- INPUT DATA -

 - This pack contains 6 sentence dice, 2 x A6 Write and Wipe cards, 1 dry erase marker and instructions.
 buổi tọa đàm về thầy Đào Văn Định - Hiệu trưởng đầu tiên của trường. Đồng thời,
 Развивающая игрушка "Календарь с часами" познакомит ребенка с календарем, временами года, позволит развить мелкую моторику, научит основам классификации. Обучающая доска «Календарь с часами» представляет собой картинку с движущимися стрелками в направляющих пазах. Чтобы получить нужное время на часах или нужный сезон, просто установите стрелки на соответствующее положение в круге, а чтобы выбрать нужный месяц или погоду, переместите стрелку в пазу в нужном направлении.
==
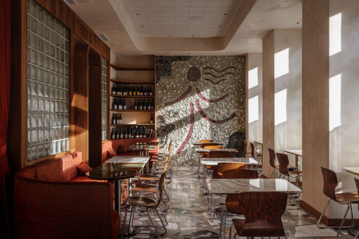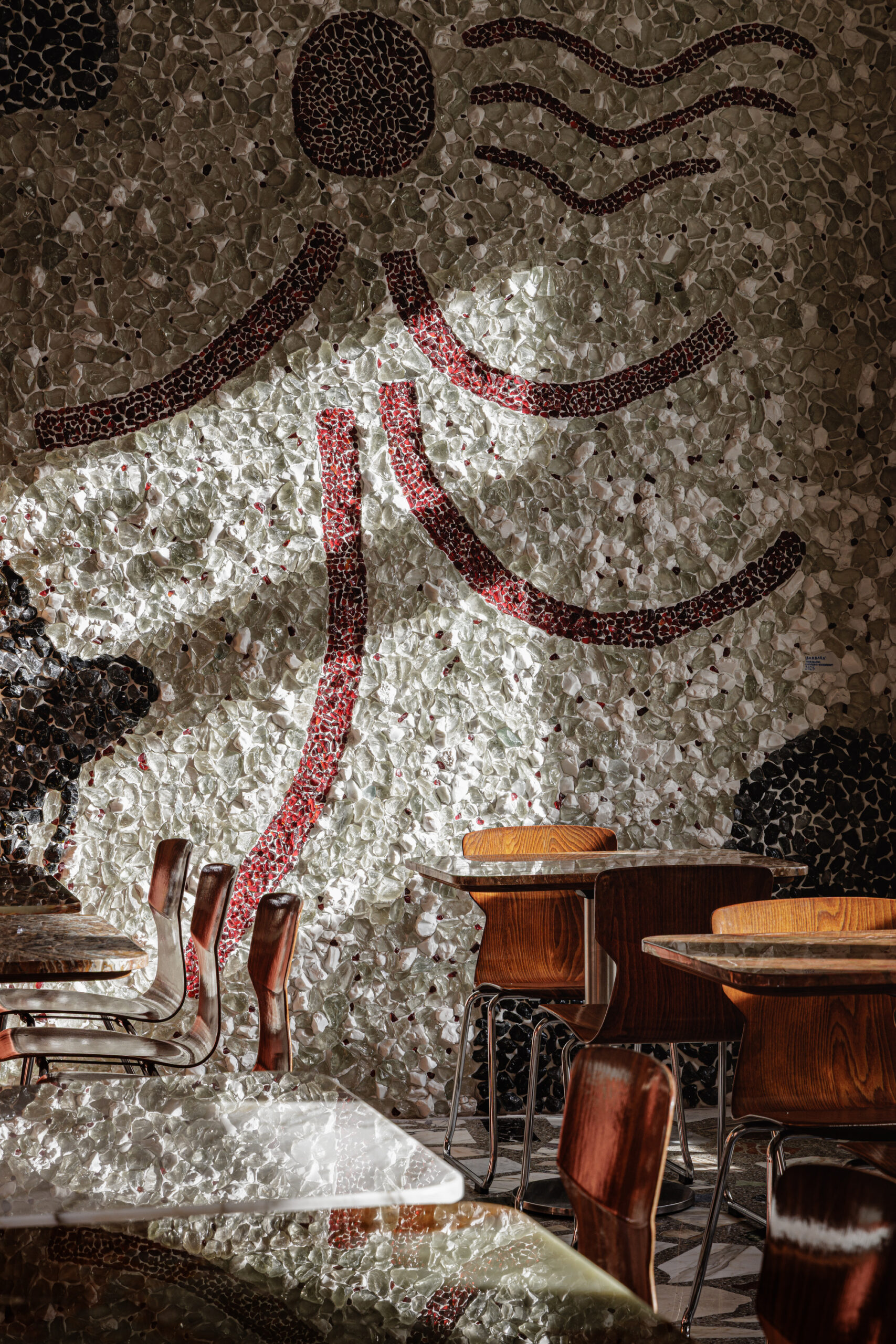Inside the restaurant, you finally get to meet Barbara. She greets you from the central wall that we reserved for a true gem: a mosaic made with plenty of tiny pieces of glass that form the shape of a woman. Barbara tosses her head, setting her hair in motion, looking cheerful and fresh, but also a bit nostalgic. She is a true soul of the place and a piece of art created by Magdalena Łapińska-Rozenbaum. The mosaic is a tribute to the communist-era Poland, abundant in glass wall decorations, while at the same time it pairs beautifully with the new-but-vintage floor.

- EXERCISE DETAILS -
Look in the material above for the line with "- This pack" and the line with "в нужном направлении.", and transcribe exactly those lines and all lines between them, nothing more.

- ANSWER -
 - This pack contains 6 sentence dice, 2 x A6 Write and Wipe cards, 1 dry erase marker and instructions.
 buổi tọa đàm về thầy Đào Văn Định - Hiệu trưởng đầu tiên của trường. Đồng thời,
 Развивающая игрушка "Календарь с часами" познакомит ребенка с календарем, временами года, позволит развить мелкую моторику, научит основам классификации. Обучающая доска «Календарь с часами» представляет собой картинку с движущимися стрелками в направляющих пазах. Чтобы получить нужное время на часах или нужный сезон, просто установите стрелки на соответствующее положение в круге, а чтобы выбрать нужный месяц или погоду, переместите стрелку в пазу в нужном направлении.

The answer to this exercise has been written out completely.